W&B Run: https://app.wandb.ai/neomatrix369/catboost_plot_feature_importances/runs/3u8me0as

### Catboost Feature Importance

#### Sometimes it is very important to understand which feature made the greatest contribution to the final result. To do this, the CatBoost model has a get_feature_importance method.

In [3]:
import numpy as np
from catboost import CatBoostRegressor, Pool
from sklearn.model_selection import train_test_split
from sklearn.datasets import load_iris

#### First, let's prepare the dataset:

In [4]:
%%time
full_dataset_dict = load_iris(False)

CPU times: user 2.59 ms, sys: 0 ns, total: 2.59 ms
Wall time: 1.84 ms


In [5]:
full_dataset_dict.keys()

dict_keys(['data', 'target', 'target_names', 'DESCR', 'feature_names', 'filename'])

In [6]:
X, y = np.array(full_dataset_dict['data'])[:1000], np.array(full_dataset_dict['data'])[:1000]
X_train, X_test, y_train, y_test = train_test_split(X, y, test_size=0.25, random_state=42)
X_train = X_train.reshape(-1,1)
X_test = X_test.reshape(-1,1)
y_train = y_train.reshape(-1,1)
y_test = y_test.reshape(-1,1)

train_pool = Pool(X_train, label=y_train)
test_pool = Pool(X_test, label=y_test)

#### Let's train CatBoost:

In [10]:
%%time
params = {'iterations': 20, 'learning_rate': 0.07, 'depth': 16, 'eval_metric': 'RMSE',
          'od_wait': 100, 'allow_writing_files': True, 'verbose': True} #  'n_estimators': 1000', #'grow_policy': 'Lossguide'
model = CatBoostRegressor(random_seed=1234, **params)
best_model = model.fit(train_pool, eval_set=test_pool, use_best_model=True, verbose=True)

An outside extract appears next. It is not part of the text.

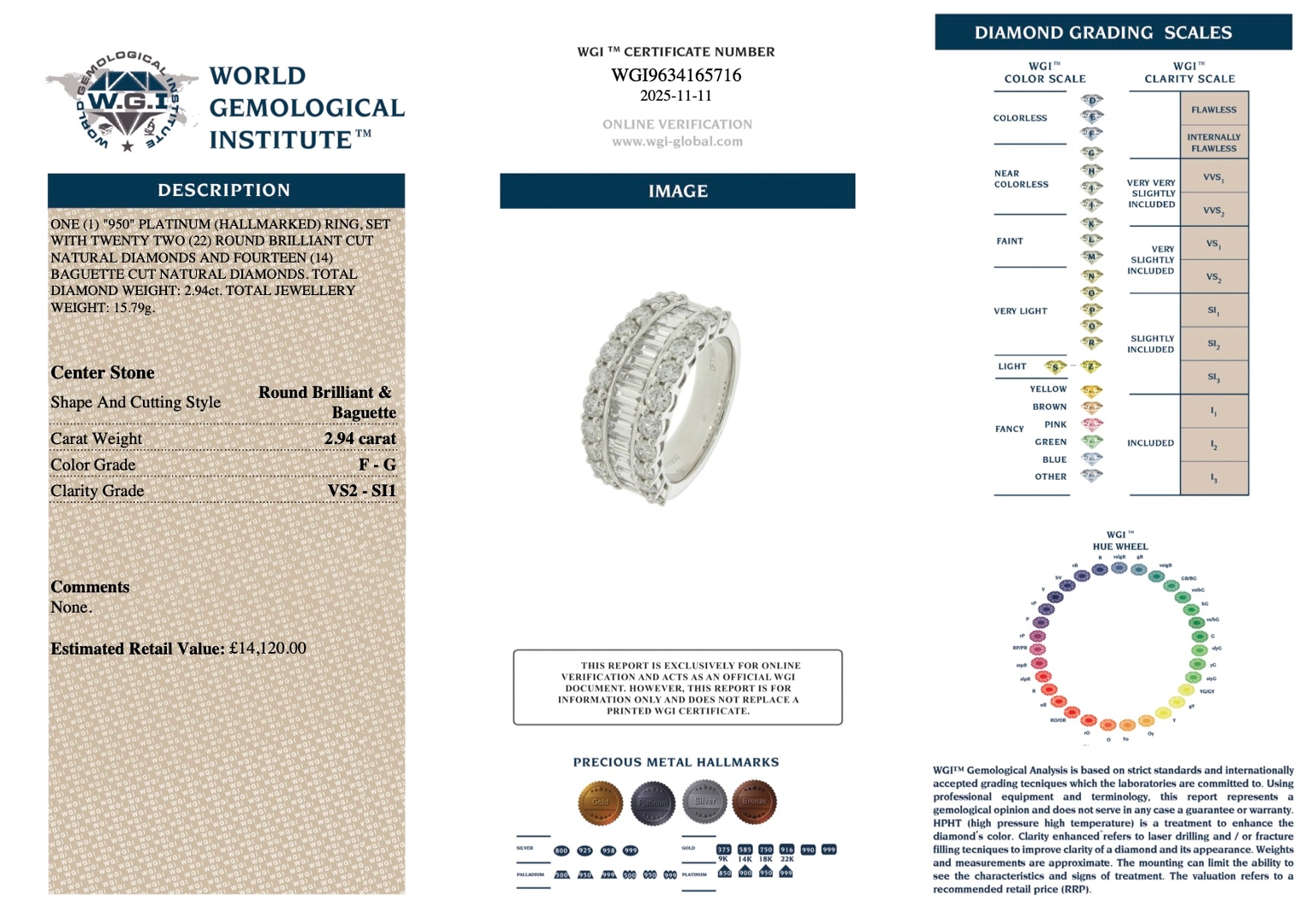 A brand-new, unused certified natural diamond cluster ring that showcases an impressive blend of structure, brilliance and refined luxury. Set with a striking combination of baguette-cut and brilliant-cut natural diamonds totalling 2.94ct in F–G colour and VS2–SI1 clarity, the ring delivers a dynamic display of light as the contrasting cuts work together to create depth, sparkle and architectural elegance. The baguette diamonds contribute clean, linear flashes, while the brilliant cuts add lively fire, resulting in a sophisticated cluster that feels bold yet beautifully balanced. These natural diamonds not only elevate the ring’s visual impact but also reflect the strong appreciation collectors continue to show for earth-formed stones, prized for their rarity, authenticity and enduring desirability. With global supply tightening and demand for natural diamonds remaining consistently high, jewellery set with certified natural stones carries notable long-term investment potential, making pieces of this calibre particularly appealing for both their beauty and future value.

0:	learn: 1.8330124	test: 1.8892445	best: 1.8892445 (0)	total: 48.3ms	remaining: 917ms
1:	learn: 1.7183943	test: 1.7743163	best: 1.7743163 (1)	total: 49ms	remaining: 441ms
2:	learn: 1.6143398	test: 1.6673153	best: 1.6673153 (2)	total: 195ms	remaining: 1.11s
3:	learn: 1.5106876	test: 1.5604859	best: 1.5604859 (3)	total: 197ms	remaining: 786ms
4:	learn: 1.4161375	test: 1.4631750	best: 1.4631750 (4)	total: 203ms	remaining: 610ms
5:	learn: 1.3273977	test: 1.3724472	best: 1.3724472 (5)	total: 205ms	remaining: 479ms
6:	learn: 1.2439417	test: 1.2854552	best: 1.2854552 (6)	total: 206ms	remaining: 383ms
7:	learn: 1.1689810	test: 1.2083937	best: 1.2083937 (7)	total: 207ms	remaining: 311ms
8:	learn: 1.0967593	test: 1.1355992	best: 1.1355992 (8)	total: 383ms	remaining: 468ms
9:	learn: 1.0306900	test: 1.0702588	best: 1.0702588 (9)	total: 383ms	remaining: 383ms
10:	learn: 0.9674108	test: 1.0048687	best: 1.0048687 (10)	total: 488ms	remaining: 399ms
11:	learn: 0.9107697	test: 0.9458671	best: 0.9458671

#### Catboost provides several types of feature importances. One of them is PredictionDiff: A vector with contributions of each feature to the RawFormulaVal difference for each pair of objects.

#### Let's find two objects with incorrect labels on test data:

In [11]:
%%time
prediction = model.predict(X_test)

CPU times: user 4.62 ms, sys: 3.71 ms, total: 8.33 ms
Wall time: 2.71 ms


#### As you can see, feature 25  is most important for getting the right prediction.

### W&B Feature Importance visualisation

In [12]:
plot_feature_importances(model, feature_names=full_dataset_dict['feature_names'])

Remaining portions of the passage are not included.